Wednesday, February 23, 2011

Trinidad & Tobago

"The more difficulties one sees in the world the more perfect one becomes. The more you plough and dig the ground the more fertile it becomes. The more you cut the branches of a tree the higher and stronger it grows. The more you put the gold in the fire the purer it becomes. The more often the captain of a ship is in the tempest and difficult sailing the greater his knowledge becomes." - 'Abdu'l-Bahá
Last night my time, just was I was getting ready for bed, an earthquake of magnitude 6.3 shook Christchurch, New Zealand so violently that buildings collapsed in on themselves, roads buckled and ripped apart, cars were flattened beneath rubble falling from buildings, water pipes burst, and sinkholes opened up all over the city. I have a very close friend who lives in Christchurch whose family home was damaged so severely in the country's last major earthquake, in September 2010, that the building had already been identified as one that needs to be torn down and rebuilt in the near-future, so the news that another earthquake had struck, and only three miles beneath the city, had me worried sick for Pascale and her family. 
After watching video clips of the cathedral's steeple collapsing, the entire downtown area in rubble, and seeing images of people emerging from beneath buildings covered in blood, I got on Facebook to see if Pascale had posted any updates on how they were doing. 
Pascale is an amazing woman.
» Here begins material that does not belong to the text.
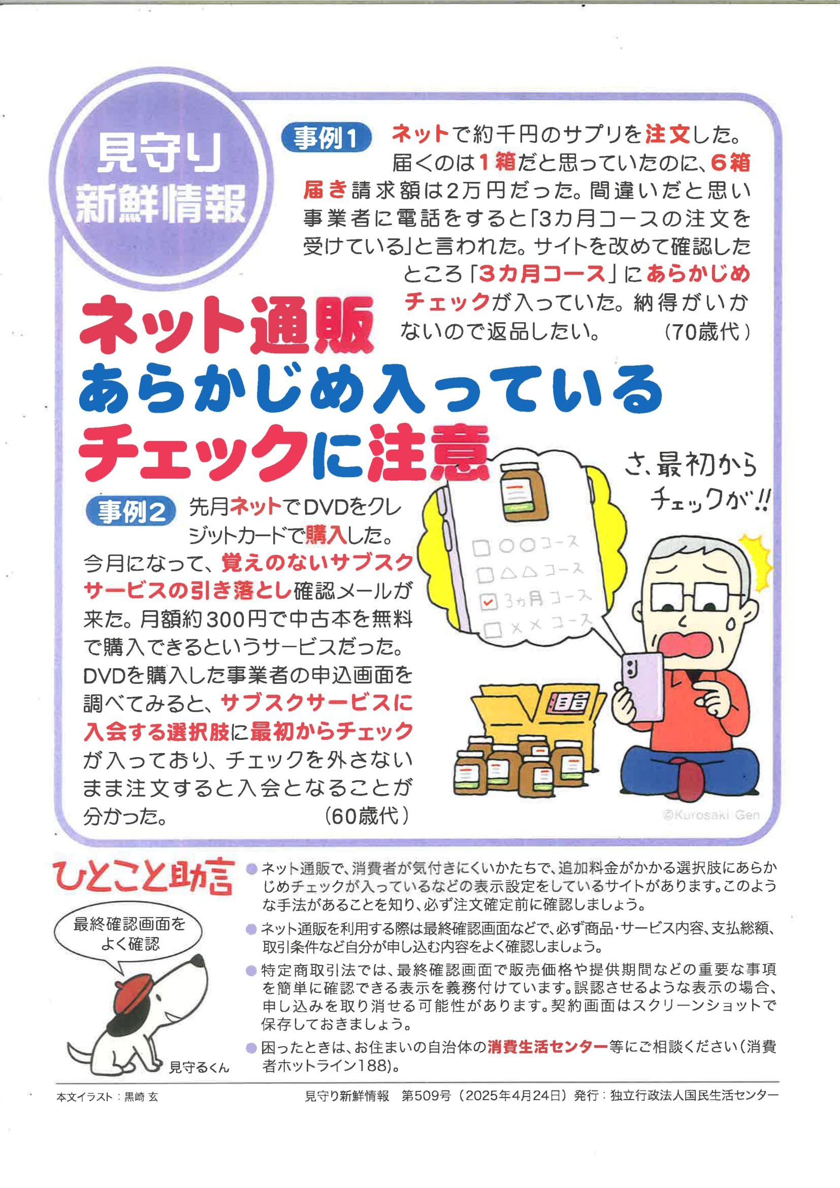 2025.04.24 ニュース 見守り新鮮情報 Tweet シェアする 独立行政法人国民生活センターより、「見守り新鮮情報 第509号」が発行されました。 ネット通販 あらかじめ入っているチェックに注意 生活相談員 S 前の記事 2025.04.28 ニュース 「ももガーデン」の様子 次の記事 2025.04.23 ニュース 明日は、ヘアカットサービス「宮前理髪店」を開催します。 一覧へ戻る

She is a personal trainer who works with her clients not only on their physical fitness, but on their spiritual fitness as well. She is empowering and tremendously inspiring. But to be honest I did not expect to find three video clips of her experience of the earthquake online already. Clicking on the first, I watched as Pascale narrated a video of the flooded street outside her house, explaining that the street had literally gotten soft like a sponge as a result of liquefaction. Her second clip, which started with an image of one wall of her house which had completely collapsed on top of her neighbour's car, was titled: We told her not to park her car there. This clip then moved inside Pascale's home. The walls all have huge cracks climbing them like lightening rods. The ceilings are all cracked, the doorways and arches are cracked, and then there was that pesky entire wall that had completely dropped away and collapsed outwards. Pascale and her family had to move down the street to stay with extended family as their house, which had been badly damaged, is now unsafe to inhabit. Her third video clip takes a walk outside to have a look at the creek that is usually a small stream alongside her house. In the clip it had become a large pond that was the colour of gunpowder. Pascale commented on how much more water there was in it, but then she exclaimed, in a bright and cheerful voice: "But the ducks made it! Way to go Trinidad and Tobago!" 
Now I don't know about anyone else, but when your entire city is literally collapsing around you, you have no power or running water, your only car with a full tank of gas is stranded in a parking garage that may or may not still be standing, and all of your work for the week has been canceled, it seems to me like the lives of two ducks would be the last thing on your mind. But there are many reasons why I love this woman, and her endless optimism would definitely be one of them. Hearing her joy at the fact that Trinidad and Tobago made it through the quake made me laugh out loud. And the fact that she has two resident ducks on her property who she had the brilliant idea to name Trinidad and Tobago had me well-amused as well.
Since then, Pascale has gone on to find a well that she can get water from with a bucket, has nominated herself as resident tea-maker for anyone and everyone in the house, and even sat down to enjoy a hot bowl of meat stew with gratitude, despite being a vegetarian. Yes, I would say Pascale is definitely an example of seeing the glass as half full. 
As I moved through my own day, I found myself stopping often and thinking about Pascale and her ability to keep her cool, stay calm and positive and encouraging of others in the face of a tremendous amount of stress. She is someone I have a lot to learn from. As she presses forward into the difficult days and weeks ahead, and tries, along with her fellow community-members, to rebuild her life and her home, I will be praying for her and her fellow New Zealanders. I will also be taking time every day to find my own Trinidad and Tobago. We can't all have ducks, but finding and celebrating the joy, beauty and hope that exist even in the most dire circumstances is definitely within all of our grasp.

4 comments:

  1. i love you Ariana, so, so much

    Thank you for letting me read of your joy before i lay down to rest for the first time in 45 hours - you have made me smile and see the blessings that we have been given, even though disguised as trials. Who knows what these next months will hold...but i do know this; we were meant to live. I feel that so strongly - there is so much carnage here, so many deaths, so many hundreds still missing, so many homeless...what strength i feel having the Faith to provide an explanation to my mind and true solace to my heart.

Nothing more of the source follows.